*WORK REQUIRED:*
From the records below, output exactly the lines starting at the line with "Для обслуживания новых" and ending at the line with "Pajarita verde oliva", both of them included, but no pictures.

*SUPPLIED RECORDS:*

= = = = = = =

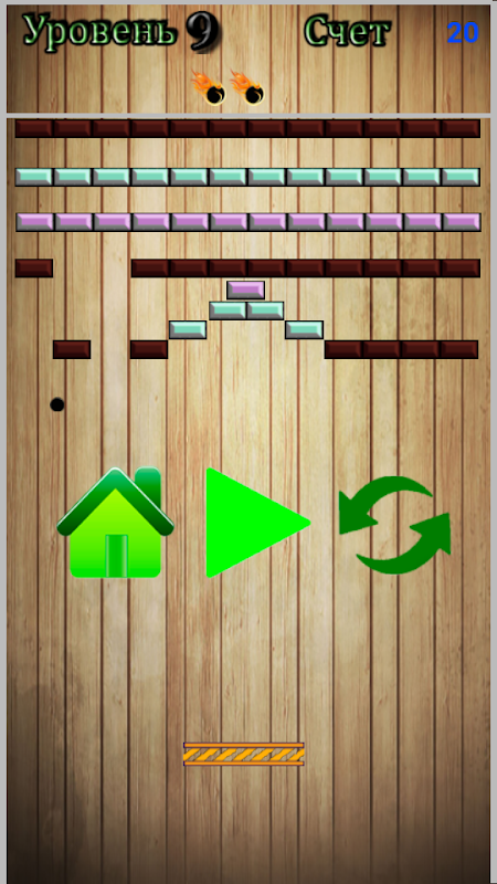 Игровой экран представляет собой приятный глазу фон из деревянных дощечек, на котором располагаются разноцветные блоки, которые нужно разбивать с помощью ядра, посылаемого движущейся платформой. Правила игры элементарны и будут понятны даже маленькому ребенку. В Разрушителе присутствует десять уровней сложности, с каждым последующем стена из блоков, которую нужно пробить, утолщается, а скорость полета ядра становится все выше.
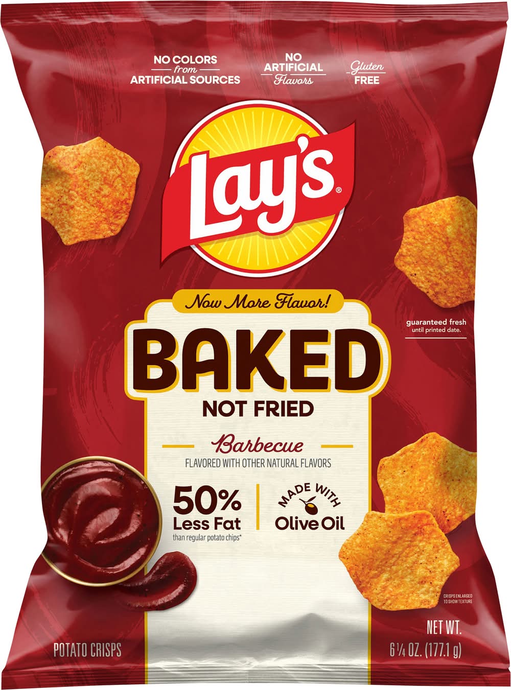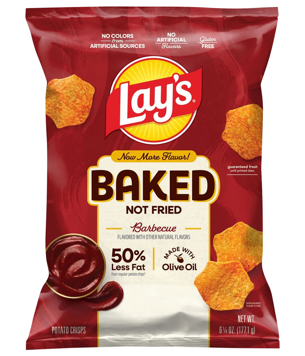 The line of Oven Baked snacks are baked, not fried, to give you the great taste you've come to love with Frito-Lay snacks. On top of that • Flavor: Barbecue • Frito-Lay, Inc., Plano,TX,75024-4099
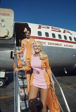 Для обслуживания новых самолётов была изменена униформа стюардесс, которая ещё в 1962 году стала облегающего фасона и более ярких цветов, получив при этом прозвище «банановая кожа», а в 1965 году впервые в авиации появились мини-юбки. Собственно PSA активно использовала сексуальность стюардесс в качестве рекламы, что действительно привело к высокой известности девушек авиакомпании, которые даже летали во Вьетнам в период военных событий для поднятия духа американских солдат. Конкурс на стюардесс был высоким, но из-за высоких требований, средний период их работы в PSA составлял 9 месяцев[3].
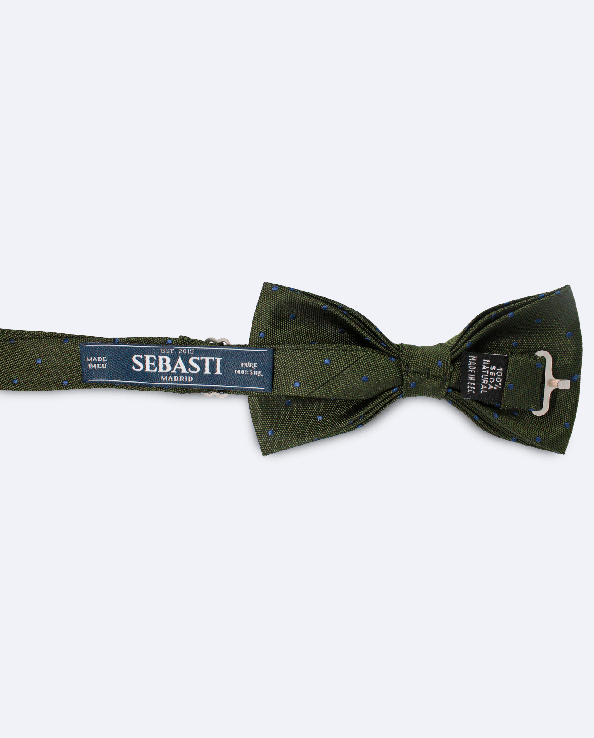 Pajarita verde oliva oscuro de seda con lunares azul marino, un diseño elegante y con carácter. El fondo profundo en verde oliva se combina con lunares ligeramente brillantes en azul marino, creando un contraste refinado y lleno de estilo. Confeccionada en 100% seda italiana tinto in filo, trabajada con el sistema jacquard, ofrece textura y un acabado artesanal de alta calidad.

= = = = = = =

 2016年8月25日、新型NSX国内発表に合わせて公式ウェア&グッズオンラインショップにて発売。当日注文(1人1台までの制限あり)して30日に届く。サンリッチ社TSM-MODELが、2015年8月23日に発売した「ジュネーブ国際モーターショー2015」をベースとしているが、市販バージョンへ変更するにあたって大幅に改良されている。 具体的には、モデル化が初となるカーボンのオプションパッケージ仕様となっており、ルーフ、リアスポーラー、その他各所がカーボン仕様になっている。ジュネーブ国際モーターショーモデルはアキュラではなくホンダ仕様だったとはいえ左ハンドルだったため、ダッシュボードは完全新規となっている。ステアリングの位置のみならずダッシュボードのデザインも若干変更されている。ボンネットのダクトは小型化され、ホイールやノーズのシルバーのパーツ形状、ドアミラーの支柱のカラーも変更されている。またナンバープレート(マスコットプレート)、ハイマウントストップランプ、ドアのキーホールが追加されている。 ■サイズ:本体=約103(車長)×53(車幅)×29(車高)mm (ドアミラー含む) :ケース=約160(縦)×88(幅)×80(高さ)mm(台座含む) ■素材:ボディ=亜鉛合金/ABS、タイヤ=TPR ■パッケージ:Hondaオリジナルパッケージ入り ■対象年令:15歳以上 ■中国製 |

= = = = = = =

*WRITTEN RESPONSE:*
 Для обслуживания новых самолётов была изменена униформа стюардесс, которая ещё в 1962 году стала облегающего фасона и более ярких цветов, получив при этом прозвище «банановая кожа», а в 1965 году впервые в авиации появились мини-юбки. Собственно PSA активно использовала сексуальность стюардесс в качестве рекламы, что действительно привело к высокой известности девушек авиакомпании, которые даже летали во Вьетнам в период военных событий для поднятия духа американских солдат. Конкурс на стюардесс был высоким, но из-за высоких требований, средний период их работы в PSA составлял 9 месяцев[3].
 Pajarita verde oliva oscuro de seda con lunares azul marino, un diseño elegante y con carácter. El fondo profundo en verde oliva se combina con lunares ligeramente brillantes en azul marino, creando un contraste refinado y lleno de estilo. Confeccionada en 100% seda italiana tinto in filo, trabajada con el sistema jacquard, ofrece textura y un acabado artesanal de alta calidad.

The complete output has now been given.